Stored items from a collection:
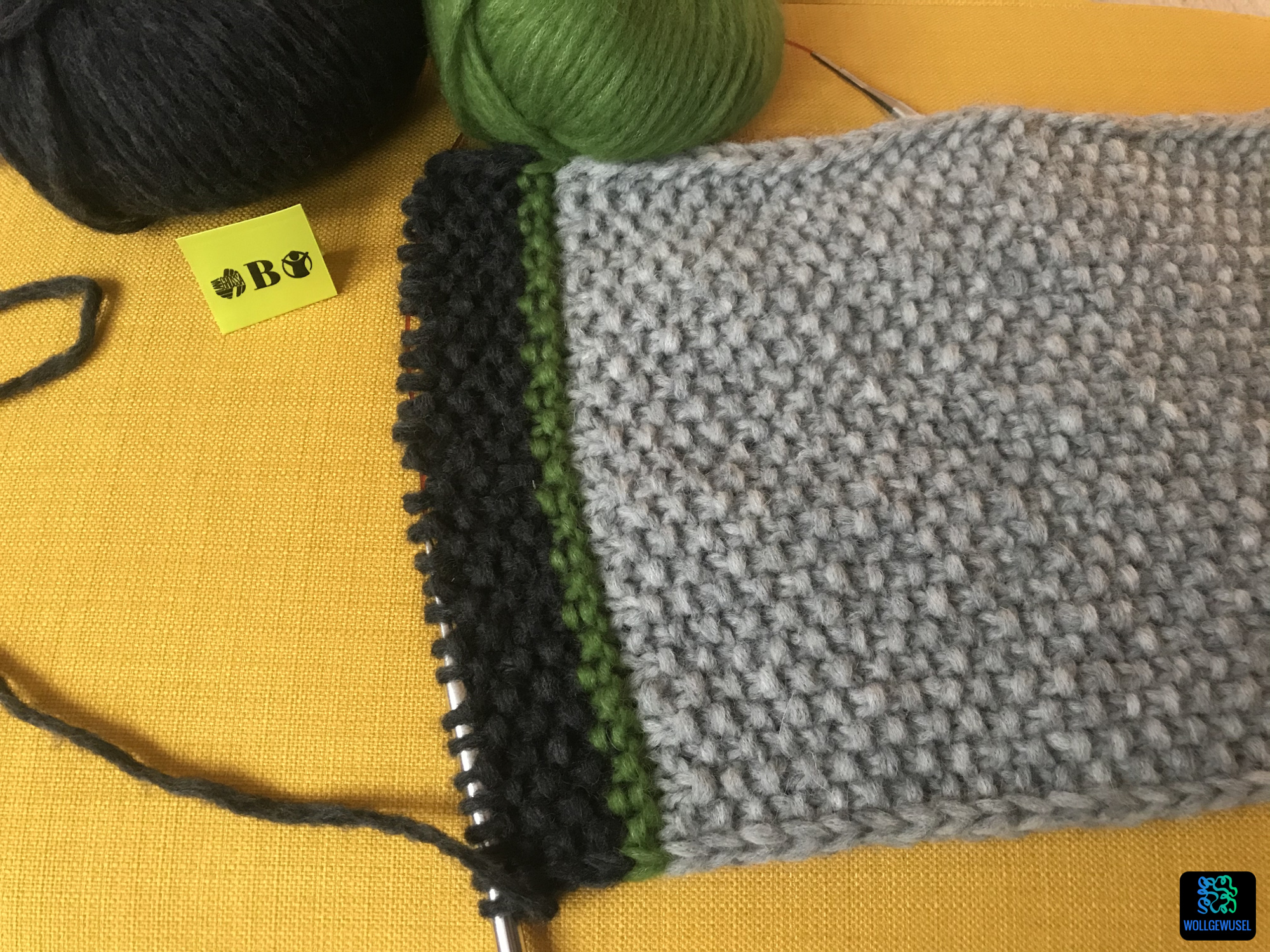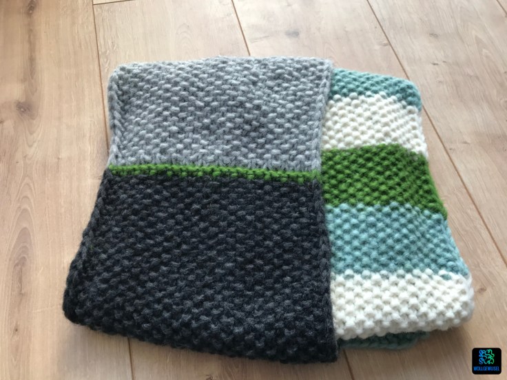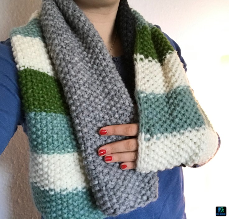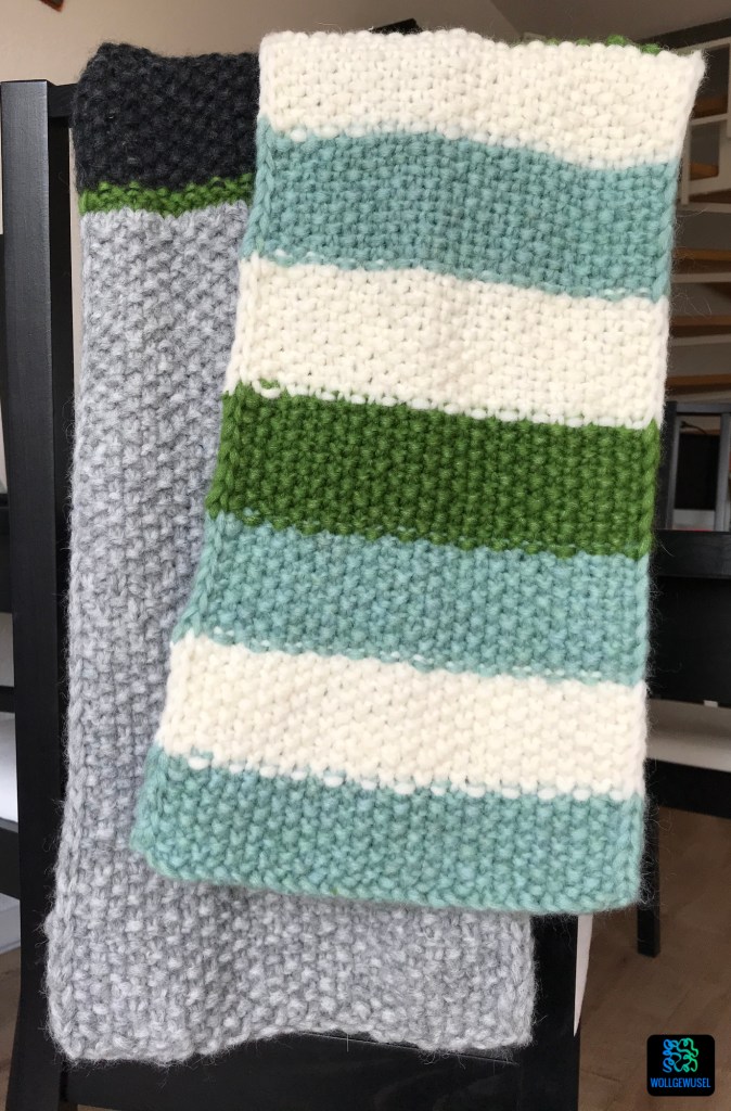 Unabhängig von diesem Aspekt hat mir dieses Jahr einfach die Farbzusammenstellung und das Design gefallen. Ungleichmäßige Streifen im Perlmuster. Eine schöne Randmasche wertet den Schal enorm auf und man kann wundderbar die Fäden darin vernähen.
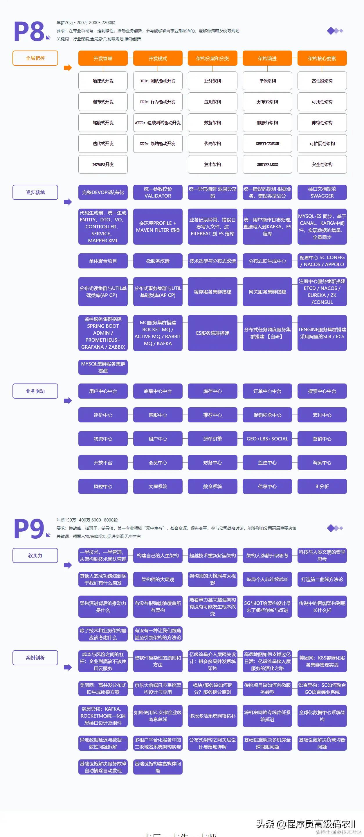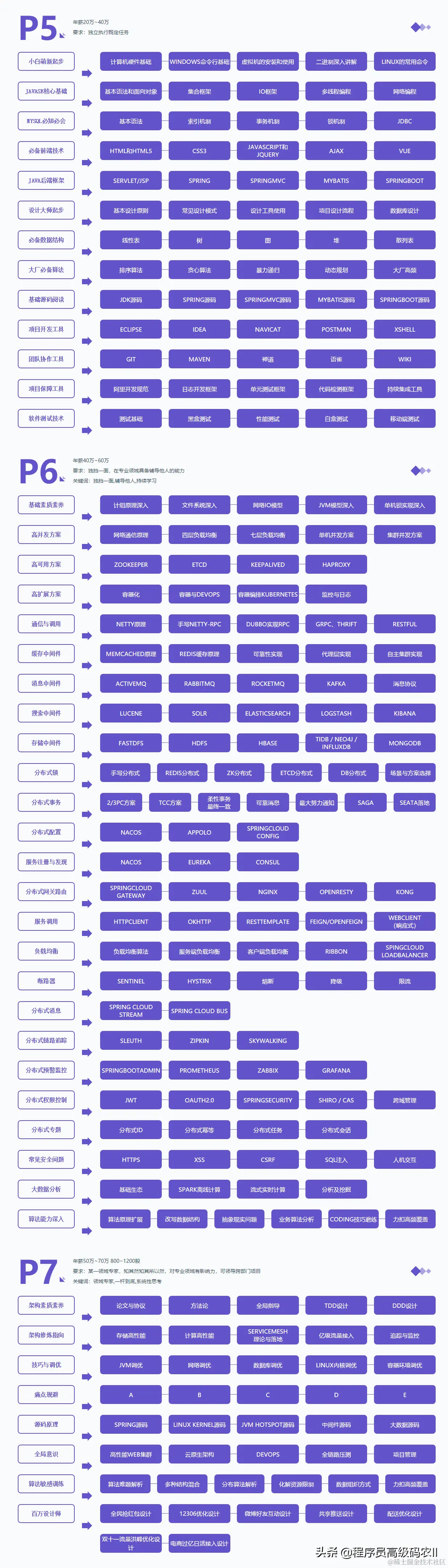 下面就给大家分享一波对标阿里p5到P7职级所掌握的技术栈和薪资水平的路线,后续还有P8到P9的路线。
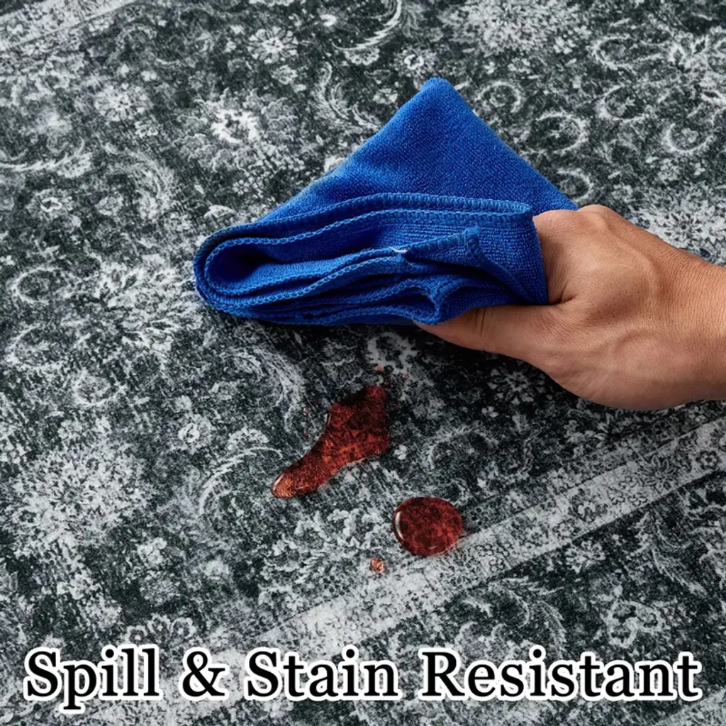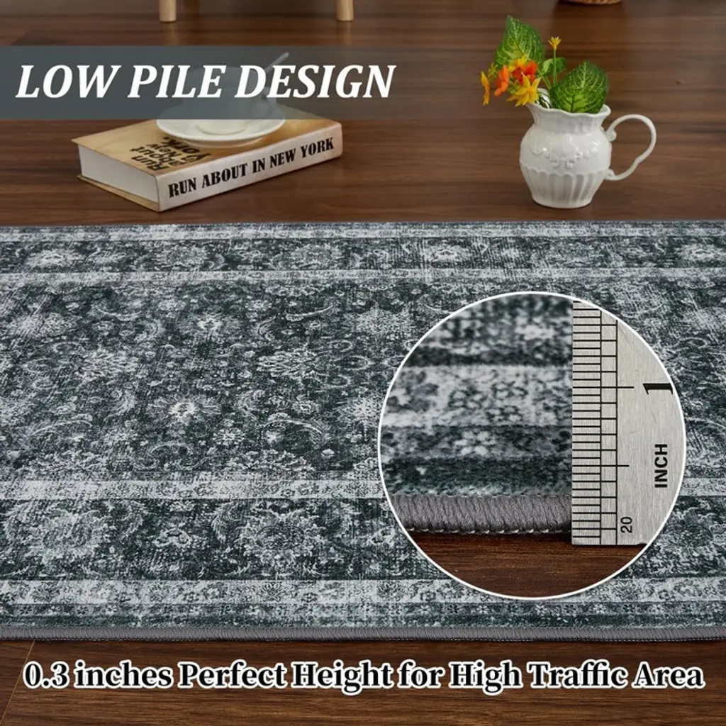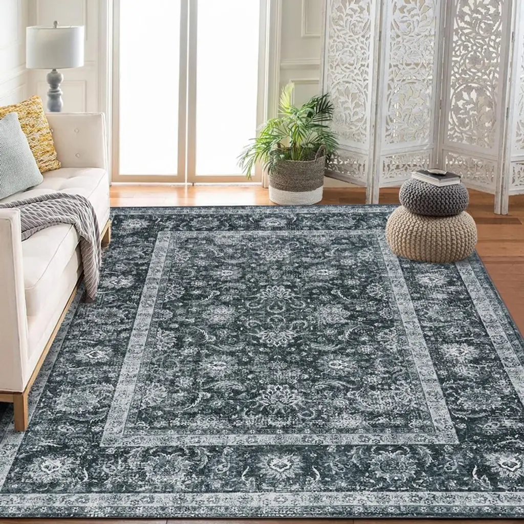 **Vintage Boho Rug - Ultra Thin Machine Washable Non-Shedding Traditional Floor Mat** **Product Description:** Enhance your space with this **exquisite vintage boho rug**, featuring a **distressed floral pattern** that blends timeless elegance with modern functionality. Crafted from **premium polyester fibers**, this **needle-punched rug** offers an **ultra-thin profile** that slides effortlessly under furniture while resisting dust, crumbs, and pet hair. The **machine-washable construction** and **stain-resistant surface** make cleaning effortless, while the **grippy dot backing** provides stability on most floors. Perfect for adding a **pop of bohemian charm** to living rooms, bedrooms, or kitchens, this rug combines **artistic design with everyday practicality**. ---### **Key Features:** 1. **Ultra-Thin & Low-Maintenance Design** - **Needle-punched polyester fibers** create a **sleek, flat surface** that traps no dust or pet hair - **Thin enough to fit under doors or furniture** without obstruction - **Robot vacuum friendly** for hassle-free daily cleaning 2. **Machine Washable & Stain Resistant** - **Toss in the washing machine** (cold water recommended) for easy deep cleaning - **High-quality dye** resists fading and stains¡ªtypically only needs washing every **3-6 months** - **No shedding fibers** stay intact wash after wash 3. **Vintage Boho Floral Pattern** - **Distressed traditional design** with rich, earthy tones for a **timeless bohemian look** - **Artisanal floral motifs** add character to any room¡ªperfect for **living rooms, bedrooms, or entryways** - **Versatile color palette** complements both neutral and bold decor styles 4. **Grippy Dot Backing for Added Stability** - **Textured fabric backing** with **non-slip dots** prevents shifting on most floors - For **high-traffic areas or slick surfaces**, anchor edges with furniture for extra security - **Lays flat without curling** for a polished finish 5. **Easy Crease Removal** - Minor folds from packaging **disappear naturally** within days of use - **Speed up the process** by rolling the rug backward, applying weight, or using a low-heat iron - **Maintains smooth appearance** over time with regular use ---### **Specifications:** - **Material:** Premium Polyester (Fade & Stain Resistant) - **Weave Type:** Needle-Punched (Ultra-Thin & Durable) - **Backing:** Non-Slip Fabric with Grippy Dots - **Care:** Machine Washable (Cold), Spot Clean, Air Dry - **Design:** Vintage Distressed Floral (Boho Chic)
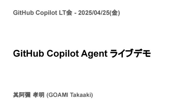 其阿彌 孝明 (GOAMI Takaaki) GitHub Copilot Agent ライブデモ GitHub Copilot
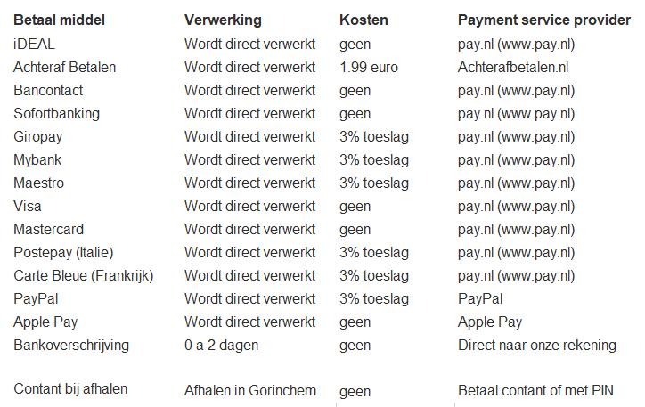 Zodra Q24U uw betaling ontvangen heeft streven wij ernaar uw bestelling dezelfde werkdag te verzenden. U heeft de keuze uit diverse betaalmogelijkheden onderstaand een overzicht van de betaalmogelijkheden en de eventuele kosten hiervan, ook wordt aangeven welke Payment service provider de betaling uitvoert.

### TASK STATEMENT
Repeat the data verbatim through the "下面就给大家分享一波对标阿里" line, no pictures.

### RESULT
 Unabhängig von diesem Aspekt hat mir dieses Jahr einfach die Farbzusammenstellung und das Design gefallen. Ungleichmäßige Streifen im Perlmuster. Eine schöne Randmasche wertet den Schal enorm auf und man kann wundderbar die Fäden darin vernähen.
 下面就给大家分享一波对标阿里p5到P7职级所掌握的技术栈和薪资水平的路线,后续还有P8到P9的路线。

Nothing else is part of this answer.